- Source material:
▬▬▬▬▬▬
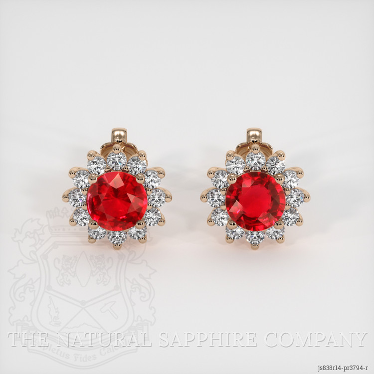 The earrings feature a beautiful, transparent GIA certified pair of rubies that are 2.16 total carat weight. They are round shape red rubies, with the dimensions of 6.31 x 6.23 x 3.77 mm and are mixed brilliant cut, have a clarity grade of very slightly included (evaluated at eye level), vivid color saturation, and an excellent polish. The origin of this pair of rubies is Mozambique.
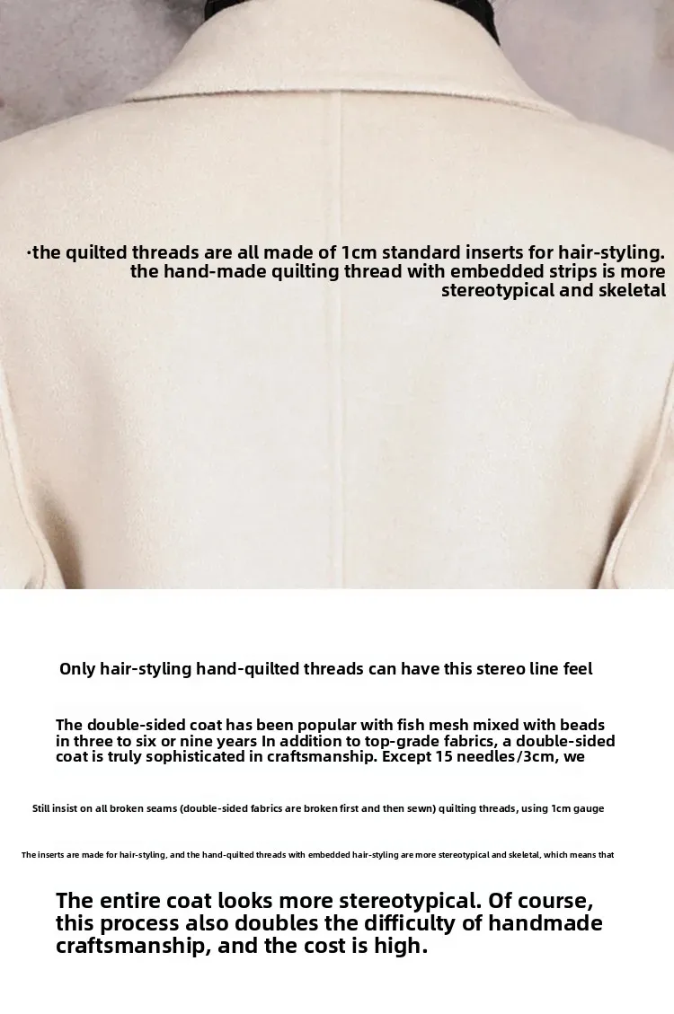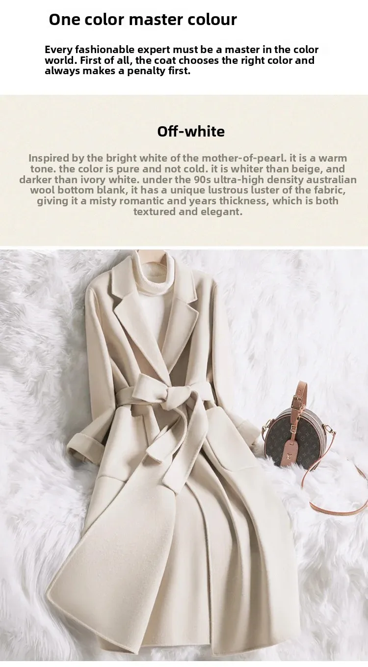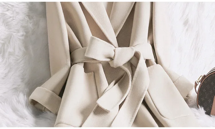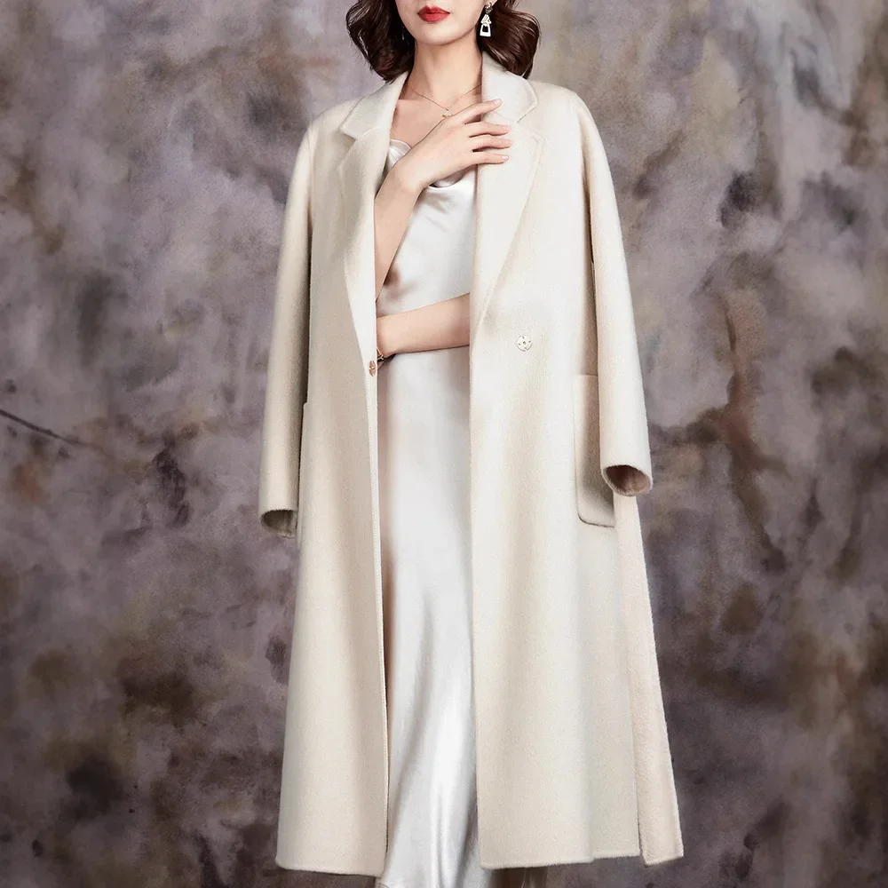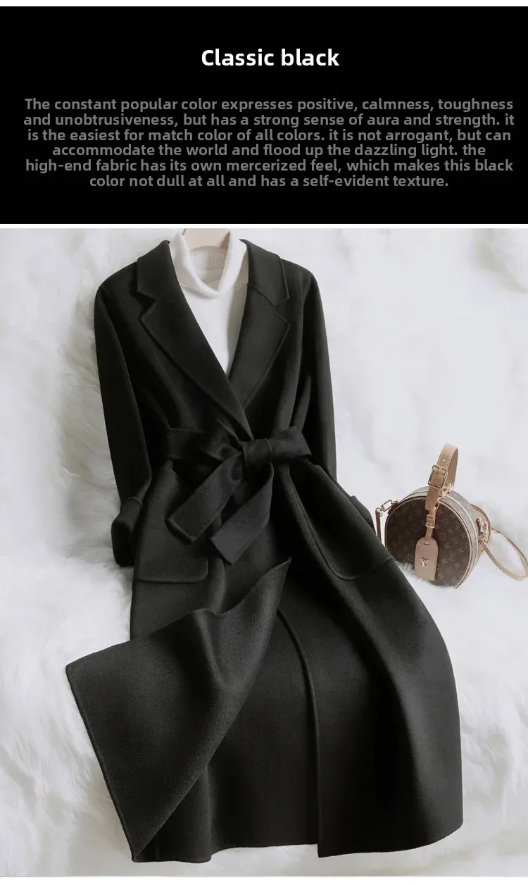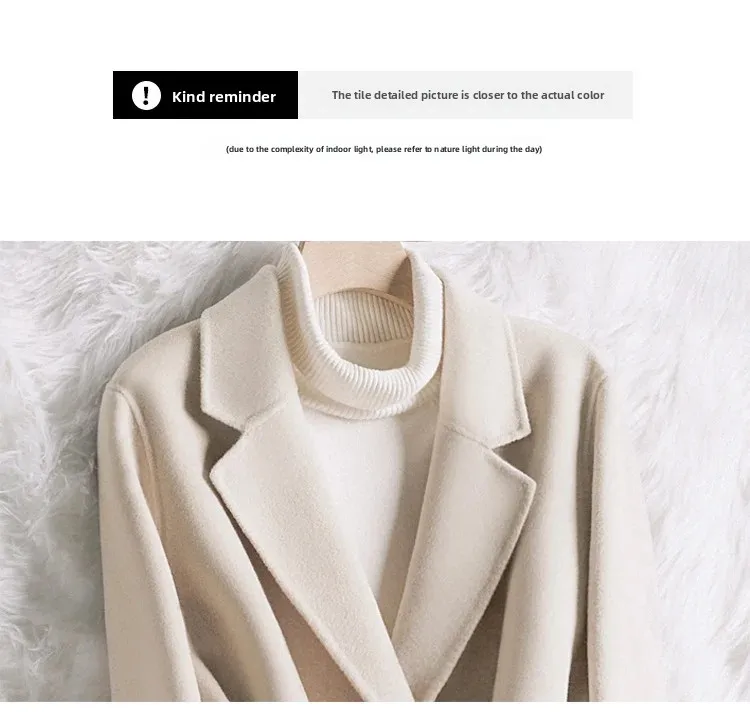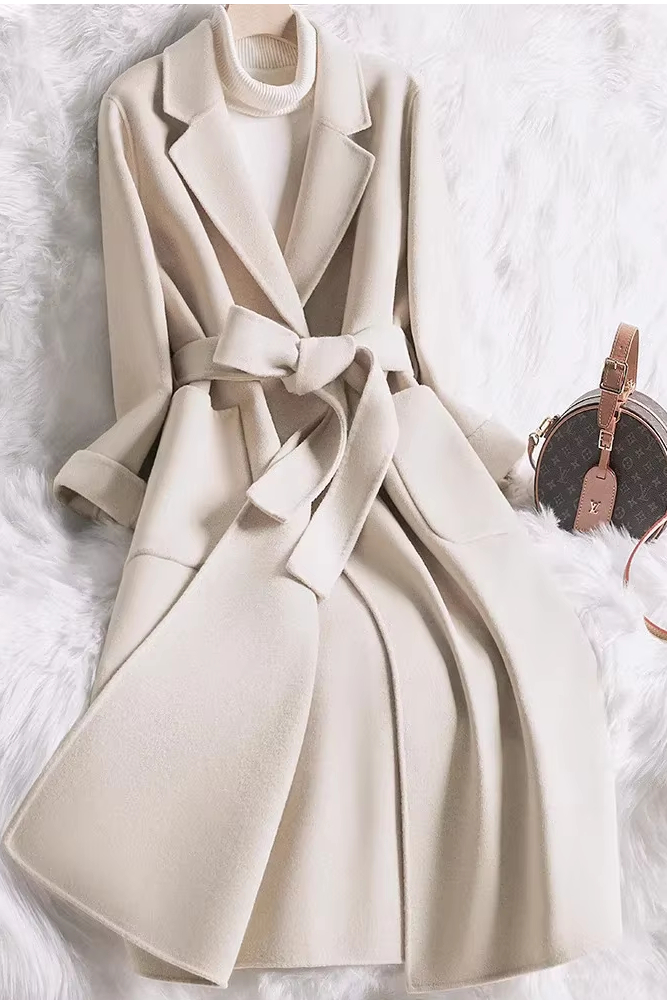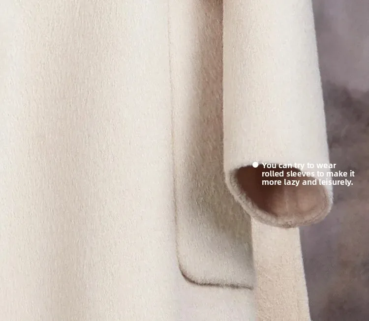 • Double-sided Cashmere Material : Crafted from premium double-sided cashmere, this coat offers unparalleled softness and warmth, perfect for the spring season.
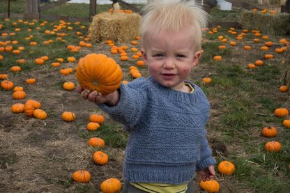 This easy child's gansey is knitted in worsted weight yarn. The garment includes horizontal patterning and simple shoulder extensions, seam stitches, bisected underarm gussets, and ribbed cuff, neckband, bottom edge. It is knitted the round from the cast-on to the underarm, then knitted flat in the upper body to the shoulders. Once the shoulders are joined, the sleeves are picked up and knitted down to the cuffs. A seamless garment! The gauge is 18 sts and 24 rows/rnds per 4″ /10 cm in St st.
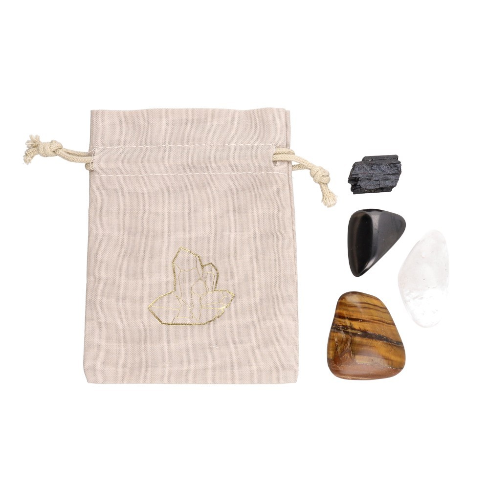L 'œil de tigre ajoute un élément de force et de confiance à cette combinaison. Ce minéral équilibre et renforce l'énergie personnelle, aidant à maintenir la sécurité intérieure tandis que les autres minéraux assurent la protection extérieure. Sa capacité à combiner protection et concentration complète les propriétés stabilisantes de la tourmaline noire et la clarté du quartz cristallin.
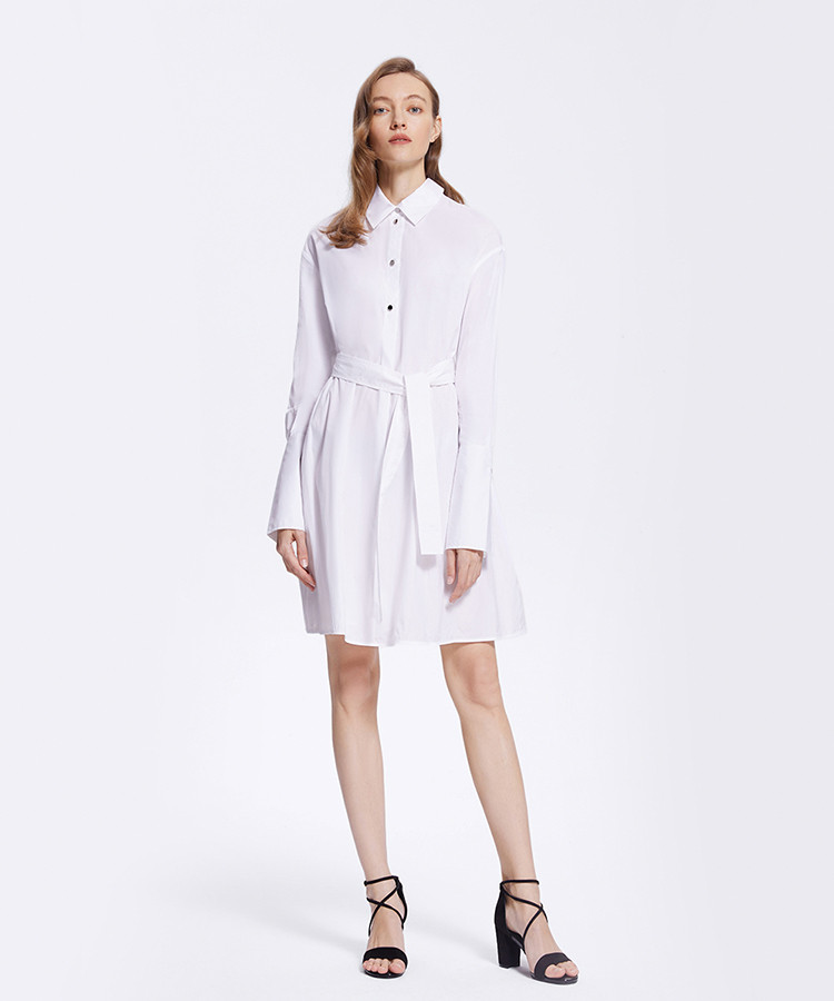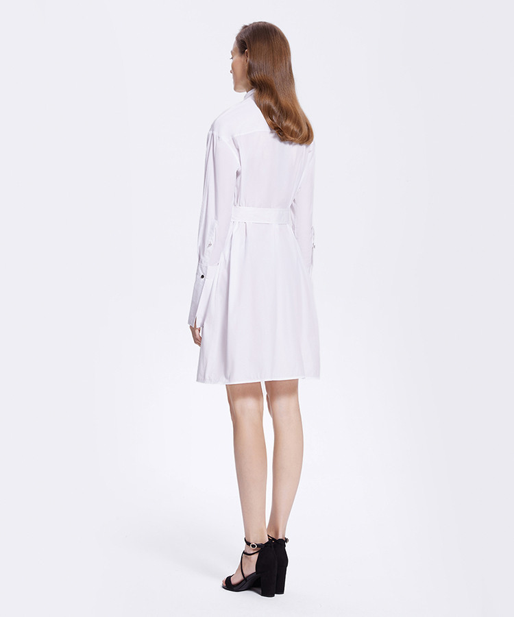 商品名称:宝姿女装气质时尚纽扣系带长袖中长连衣裙 674378
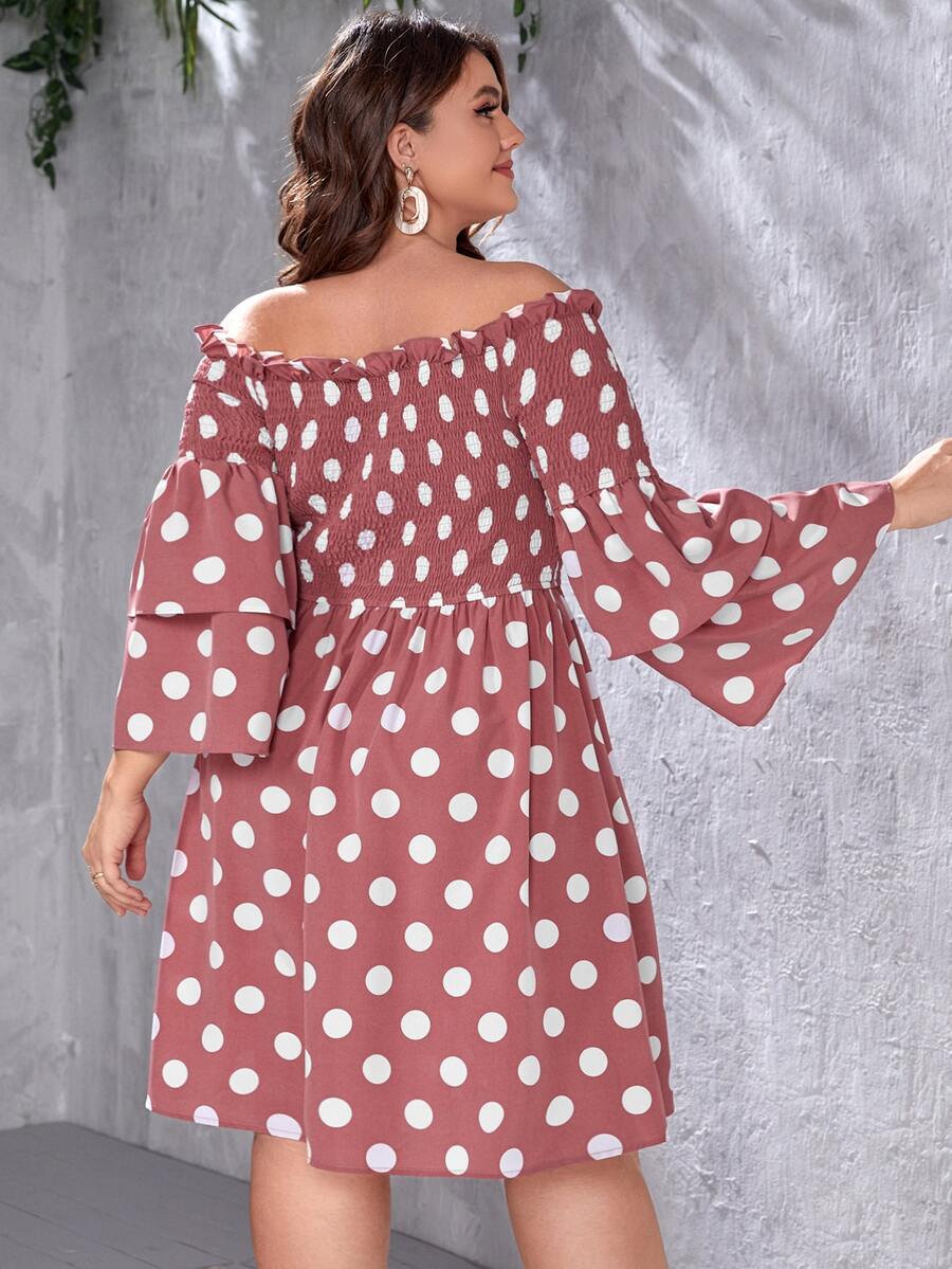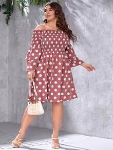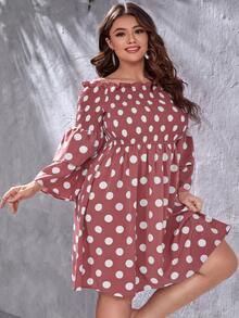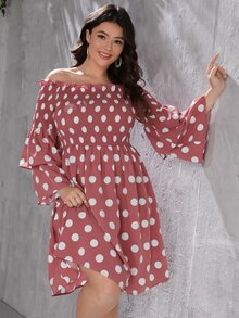 Plus Polka Dot Shirred Off Shoulder Layer Sleeve Dress
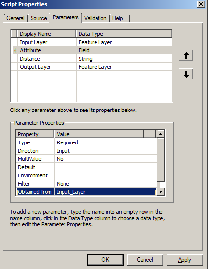 - We need to let ArcMap know which layer to get the attributes from so down in "Parameter Properties" click on "Obtained from" and select "Input Layer". This links our "Input Layer" to the parameter "Attribute".
▬▬▬▬▬▬
- What to do: Apart from the images, retype the full material exactly as written.

- Task response:
 The earrings feature a beautiful, transparent GIA certified pair of rubies that are 2.16 total carat weight. They are round shape red rubies, with the dimensions of 6.31 x 6.23 x 3.77 mm and are mixed brilliant cut, have a clarity grade of very slightly included (evaluated at eye level), vivid color saturation, and an excellent polish. The origin of this pair of rubies is Mozambique.
 • Double-sided Cashmere Material : Crafted from premium double-sided cashmere, this coat offers unparalleled softness and warmth, perfect for the spring season.
 This easy child's gansey is knitted in worsted weight yarn. The garment includes horizontal patterning and simple shoulder extensions, seam stitches, bisected underarm gussets, and ribbed cuff, neckband, bottom edge. It is knitted the round from the cast-on to the underarm, then knitted flat in the upper body to the shoulders. Once the shoulders are joined, the sleeves are picked up and knitted down to the cuffs. A seamless garment! The gauge is 18 sts and 24 rows/rnds per 4″ /10 cm in St st.
L 'œil de tigre ajoute un élément de force et de confiance à cette combinaison. Ce minéral équilibre et renforce l'énergie personnelle, aidant à maintenir la sécurité intérieure tandis que les autres minéraux assurent la protection extérieure. Sa capacité à combiner protection et concentration complète les propriétés stabilisantes de la tourmaline noire et la clarté du quartz cristallin.
 商品名称:宝姿女装气质时尚纽扣系带长袖中长连衣裙 674378
 Plus Polka Dot Shirred Off Shoulder Layer Sleeve Dress
 - We need to let ArcMap know which layer to get the attributes from so down in "Parameter Properties" click on "Obtained from" and select "Input Layer". This links our "Input Layer" to the parameter "Attribute".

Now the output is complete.